Given information -
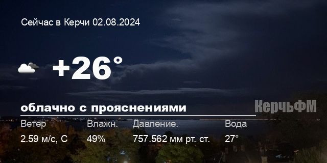 Сегодня днем в Керчи, 02 августа, ожидается малооблачная погода, температура воздуха от +23° до +28.2°С, ветер северный 4.47 м/с, порывы до 7.16 м/с, давление 756.8 мм рт. ст., влажность 42%.
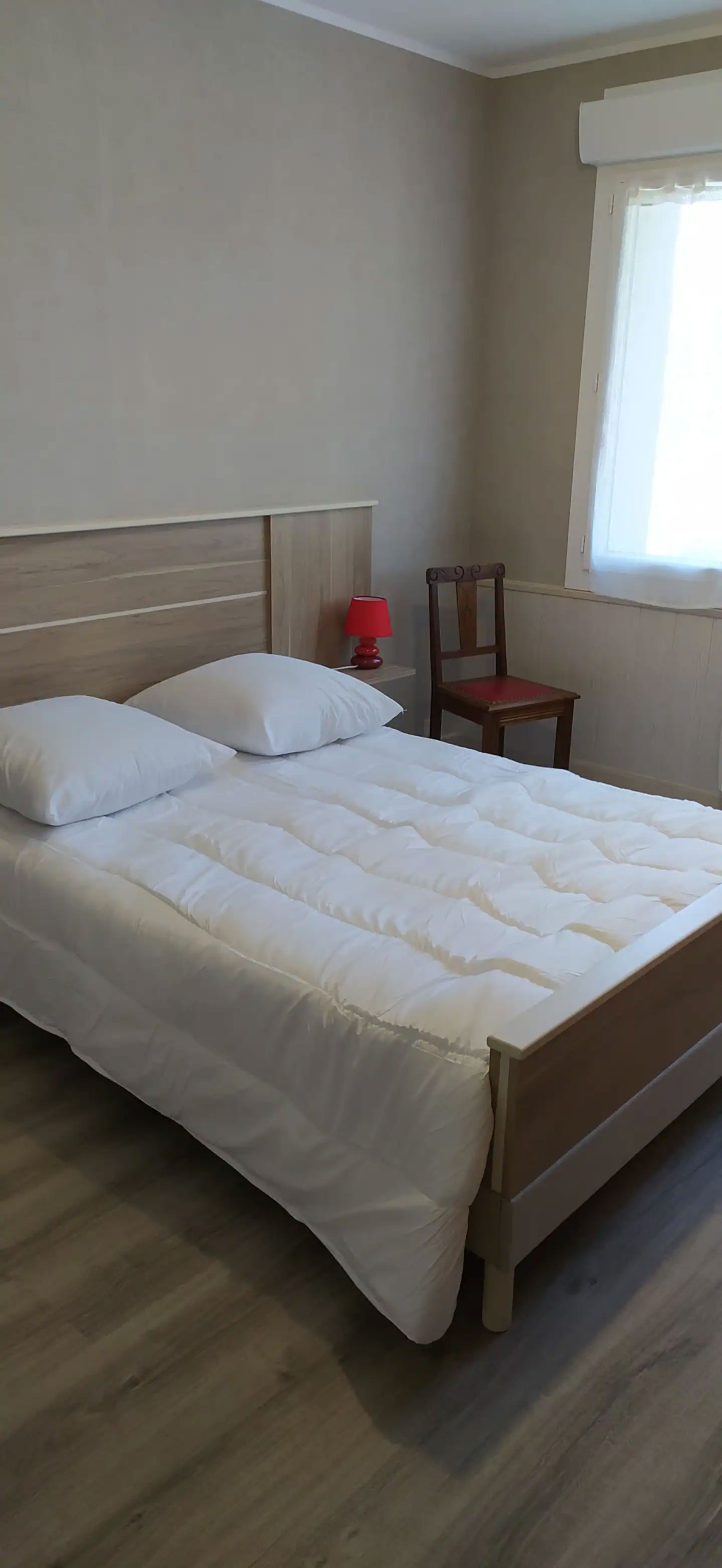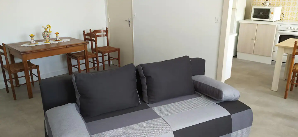 Ce meublé est au rez-de-chaussée de notre maison et vient d’être refait à neuf. Il comprend une cuisine tout équipée (micro-ondes, gazinière, lave-vaiselle…), une salle à manger, un salon avec un canapé-lit, une salle d’eau et deux chambres équipées d’un lit de 140 cm * 190 cm. A l’extérieur, une terrasse avec salon de jardin est à votre disposition.
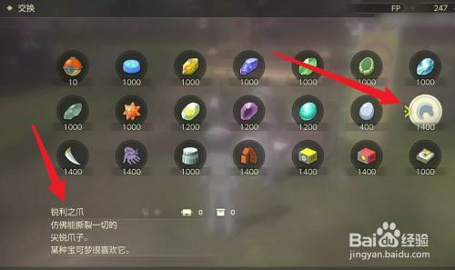 在交换界面,可以花费1400FP兑换锐利之爪。
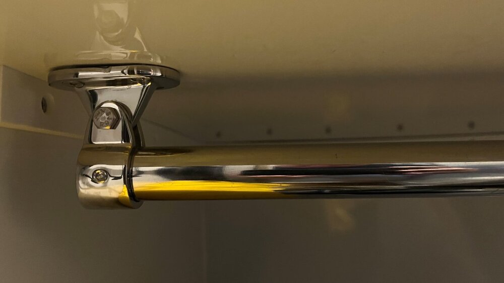 Anybody know what is the make/model of the Oliver closet rod? Please attach a link if you have one! Picture attached is what we have on our older hull, perhaps OTT changed this through the years. We want to install another closet rod further back to hold bath towels. If we could hang at least 2 clean bath towels back there it would help! The closet rod is about 24", though I did not measure. To put one behind I'd have to cut it down to 15". It would be nice to install the same model for a clean installation. Thanks!
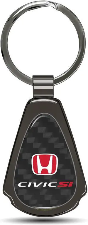 Honda Red Civic Si Real Carbon Fiber Gunmetal Black Metal Teardrop Key Chain

What you have to do -
Write out the lines above from the one with "Ce meublé est" through the one with "在交换界面,可以花费1400FP兑换锐利之爪。", ends included, exactly; no picture goes in.

Task answer -
 Ce meublé est au rez-de-chaussée de notre maison et vient d’être refait à neuf. Il comprend une cuisine tout équipée (micro-ondes, gazinière, lave-vaiselle…), une salle à manger, un salon avec un canapé-lit, une salle d’eau et deux chambres équipées d’un lit de 140 cm * 190 cm. A l’extérieur, une terrasse avec salon de jardin est à votre disposition.
 在交换界面,可以花费1400FP兑换锐利之爪。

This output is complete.